───── Input data

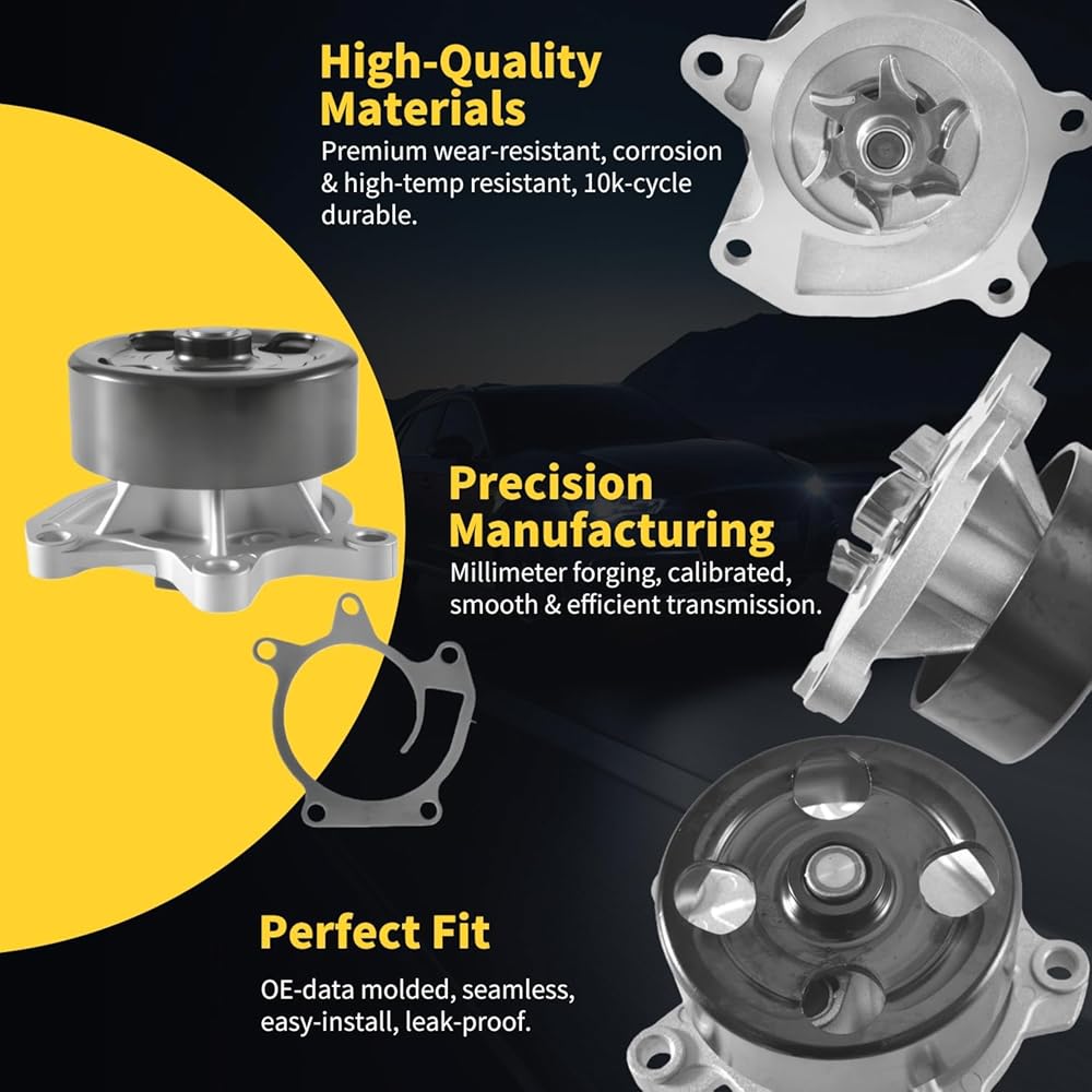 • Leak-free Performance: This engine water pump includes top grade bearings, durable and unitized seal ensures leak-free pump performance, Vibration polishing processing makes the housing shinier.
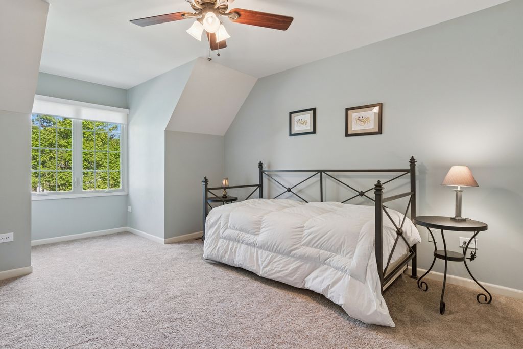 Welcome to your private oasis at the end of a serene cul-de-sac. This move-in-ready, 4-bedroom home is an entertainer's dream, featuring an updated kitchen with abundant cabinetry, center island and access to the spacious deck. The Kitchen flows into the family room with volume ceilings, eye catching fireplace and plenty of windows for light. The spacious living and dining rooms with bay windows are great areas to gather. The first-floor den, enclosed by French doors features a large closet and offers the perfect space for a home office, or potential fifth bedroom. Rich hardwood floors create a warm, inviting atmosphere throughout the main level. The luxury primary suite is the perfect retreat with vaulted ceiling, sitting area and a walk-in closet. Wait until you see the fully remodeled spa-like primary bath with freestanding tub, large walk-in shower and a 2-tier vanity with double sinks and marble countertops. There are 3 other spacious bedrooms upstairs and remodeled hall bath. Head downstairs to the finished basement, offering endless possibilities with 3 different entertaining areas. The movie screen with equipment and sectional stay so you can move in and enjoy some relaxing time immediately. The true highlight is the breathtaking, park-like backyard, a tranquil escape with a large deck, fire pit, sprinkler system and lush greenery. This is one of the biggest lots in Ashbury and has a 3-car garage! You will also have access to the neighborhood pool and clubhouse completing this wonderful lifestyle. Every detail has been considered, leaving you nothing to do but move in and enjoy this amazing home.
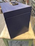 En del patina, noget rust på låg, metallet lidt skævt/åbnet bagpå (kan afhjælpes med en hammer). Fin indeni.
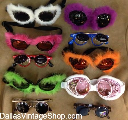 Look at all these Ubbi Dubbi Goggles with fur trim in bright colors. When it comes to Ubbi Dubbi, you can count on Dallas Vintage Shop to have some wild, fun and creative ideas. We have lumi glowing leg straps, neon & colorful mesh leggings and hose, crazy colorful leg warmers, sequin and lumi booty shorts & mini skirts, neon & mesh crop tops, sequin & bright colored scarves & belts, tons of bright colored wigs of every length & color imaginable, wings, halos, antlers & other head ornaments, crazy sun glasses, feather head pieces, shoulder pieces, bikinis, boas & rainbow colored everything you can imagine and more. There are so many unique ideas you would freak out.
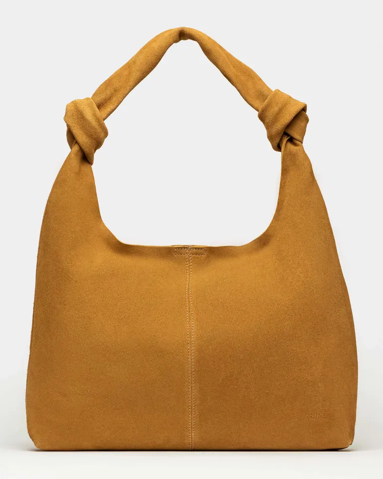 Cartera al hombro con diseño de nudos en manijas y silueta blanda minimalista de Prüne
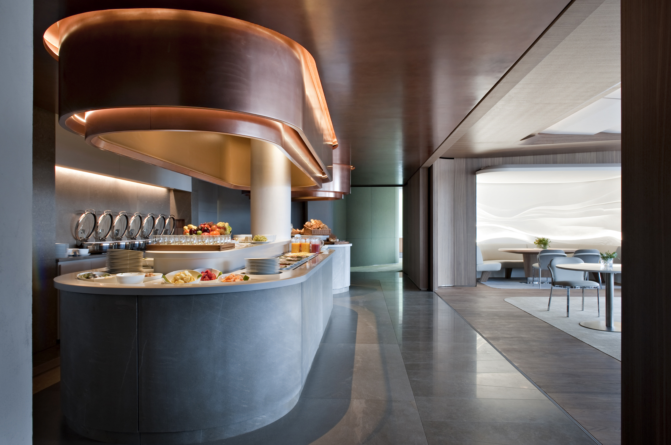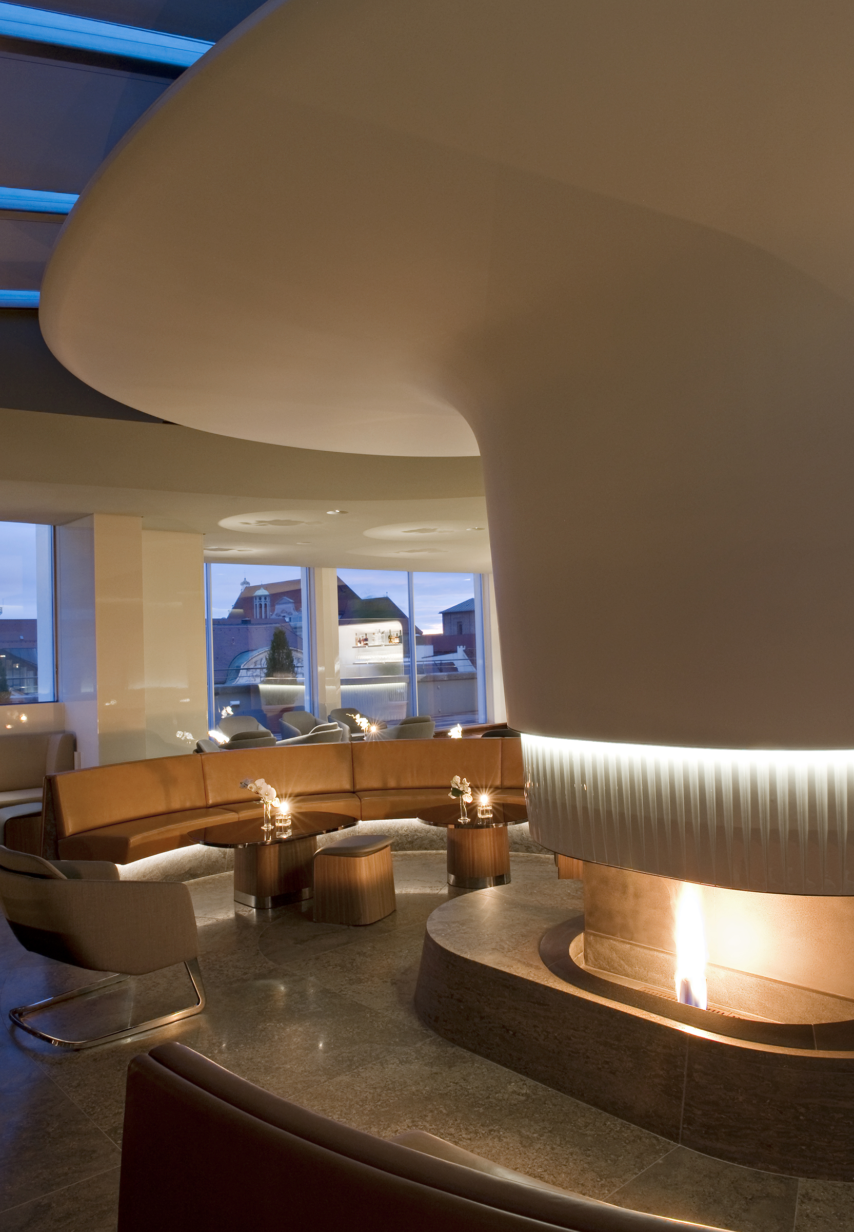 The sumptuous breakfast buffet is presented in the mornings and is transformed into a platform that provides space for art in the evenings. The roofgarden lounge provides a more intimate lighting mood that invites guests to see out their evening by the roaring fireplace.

──────────

## Problem:
A verbatim transcription of the listing is expected, with no pictures included.

## Output below:
 • Leak-free Performance: This engine water pump includes top grade bearings, durable and unitized seal ensures leak-free pump performance, Vibration polishing processing makes the housing shinier.
 Welcome to your private oasis at the end of a serene cul-de-sac. This move-in-ready, 4-bedroom home is an entertainer's dream, featuring an updated kitchen with abundant cabinetry, center island and access to the spacious deck. The Kitchen flows into the family room with volume ceilings, eye catching fireplace and plenty of windows for light. The spacious living and dining rooms with bay windows are great areas to gather. The first-floor den, enclosed by French doors features a large closet and offers the perfect space for a home office, or potential fifth bedroom. Rich hardwood floors create a warm, inviting atmosphere throughout the main level. The luxury primary suite is the perfect retreat with vaulted ceiling, sitting area and a walk-in closet. Wait until you see the fully remodeled spa-like primary bath with freestanding tub, large walk-in shower and a 2-tier vanity with double sinks and marble countertops. There are 3 other spacious bedrooms upstairs and remodeled hall bath. Head downstairs to the finished basement, offering endless possibilities with 3 different entertaining areas. The movie screen with equipment and sectional stay so you can move in and enjoy some relaxing time immediately. The true highlight is the breathtaking, park-like backyard, a tranquil escape with a large deck, fire pit, sprinkler system and lush greenery. This is one of the biggest lots in Ashbury and has a 3-car garage! You will also have access to the neighborhood pool and clubhouse completing this wonderful lifestyle. Every detail has been considered, leaving you nothing to do but move in and enjoy this amazing home.
 En del patina, noget rust på låg, metallet lidt skævt/åbnet bagpå (kan afhjælpes med en hammer). Fin indeni.
 Look at all these Ubbi Dubbi Goggles with fur trim in bright colors. When it comes to Ubbi Dubbi, you can count on Dallas Vintage Shop to have some wild, fun and creative ideas. We have lumi glowing leg straps, neon & colorful mesh leggings and hose, crazy colorful leg warmers, sequin and lumi booty shorts & mini skirts, neon & mesh crop tops, sequin & bright colored scarves & belts, tons of bright colored wigs of every length & color imaginable, wings, halos, antlers & other head ornaments, crazy sun glasses, feather head pieces, shoulder pieces, bikinis, boas & rainbow colored everything you can imagine and more. There are so many unique ideas you would freak out.
 Cartera al hombro con diseño de nudos en manijas y silueta blanda minimalista de Prüne
 The sumptuous breakfast buffet is presented in the mornings and is transformed into a platform that provides space for art in the evenings. The roofgarden lounge provides a more intimate lighting mood that invites guests to see out their evening by the roaring fireplace.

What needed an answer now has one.